Why This Matters Now

The timing of the report is not incidental. Enterprise AI deployment has accelerated sharply in 2025 and 2026, with agentic systems — those capable of taking actions, browsing the web, and calling external tools autonomously — moving from research demos into production workflows. Cisco's findings suggest that the safety infrastructure underpinning those deployments may be far thinner than organizations assume.

"The gap between published scores and observed resilience misranks leading models," the report concludes, adding that benchmark reliance has created a false sense of security at precisely the moment when AI systems are gaining real-world autonomy and authority.

The researchers' prescription is direct: the industry needs to move away from single-turn-only evaluation regimes. Safety testing should incorporate multi-turn attack sequences, agentic tool-use scenarios, and indirect injection vectors as standard practice — not as edge-case additions to existing frameworks.

Implications for Enterprise Security Teams

For security practitioners, the study surfaces several immediate considerations. First, any AI deployment that surfaces as a customer-facing or employee-facing chat interface should be treated as an iterative attack target, not a static system. Second, agentic pipelines that consume external tool outputs — web search results, database queries, API responses — carry elevated risk given the 84% indirect injection success rate. Third, model selection decisions made on the basis of published safety benchmarks alone should be revisited: multi-turn performance may look very different from single-turn scores, and the study suggests the gap is the rule, not the exception.

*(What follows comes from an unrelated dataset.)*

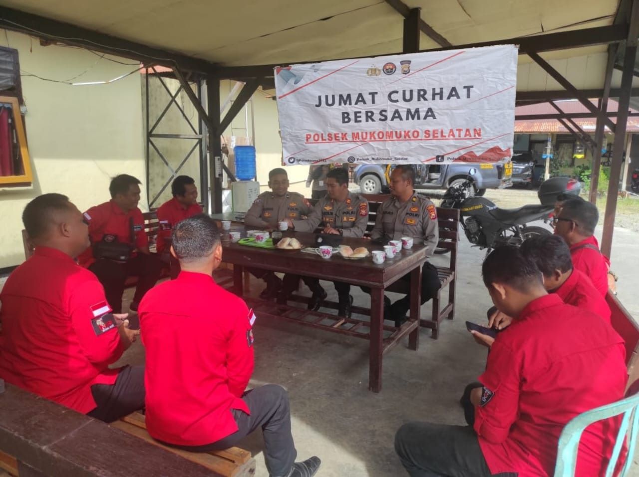 Mukomuko – Polsek Mukomuko Selatan Polres Mukomuko Polda Bengkulu, melaksanakan kegiatan Jumat Curhat yang memungkinkan masyarakat menyampaikan secara langsung terkait keluhannya kepada polisi dan diterima langsung oleh Kapolsek Mukomuko Selatan IPTU M. Setya Yuli Muhanto, S.H., di Desa Medan Jaya Kecamatan Ipuh Kabupaten Mukomuko, Bengkulu, Jumat (04/08/2023) pagi.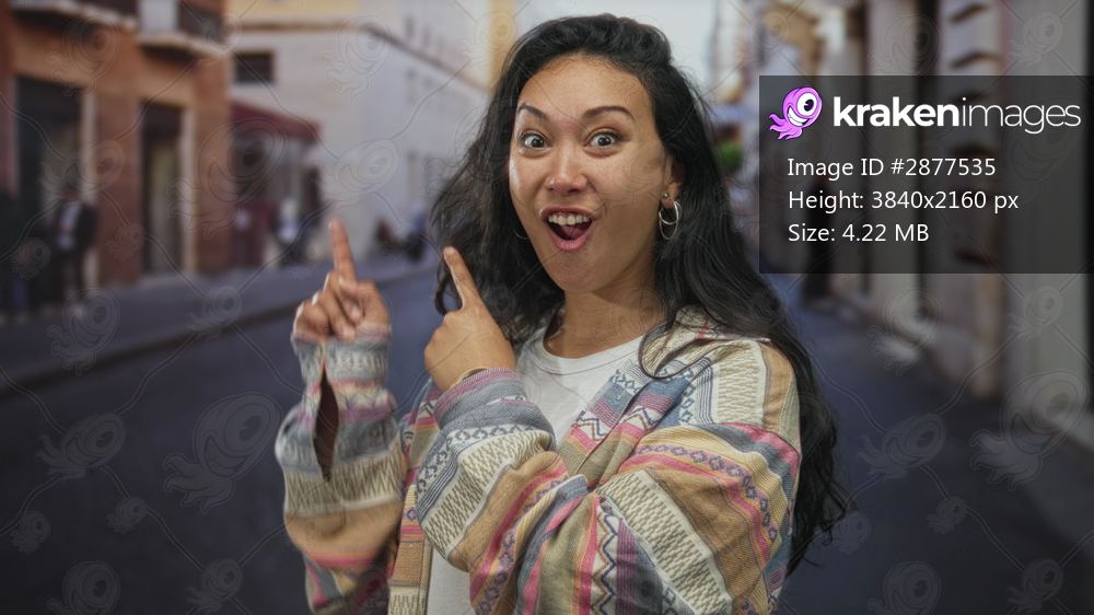 Woman pointing finger upward on street with open mouth and visible fingers wearing patterned jacket, mid gesture and smiling; playful curiosity surprise. - Kraken Images

Cisco stopped short of naming a safe model or recommending specific mitigations, noting that all 15 systems in the cohort failed under sufficient adversarial pressure. The implicit message is that layered defenses — prompt shields, output filtering, human-in-the-loop checkpoints for high-stakes actions — remain essential supplements to any model's native safety training.

The full report, Proprietary Problems: No Frontier Model Is Multi-Turn Immune, is available via Cisco Blogs and the Cisco AI research portal.

---

Sources: CSO Online · Cybersecurity Dive · Cisco Blogs · Help Net Security · SiliconANGLE · Network World

"No frontier closed model in this cohort can be characterized as safe under iterative attack."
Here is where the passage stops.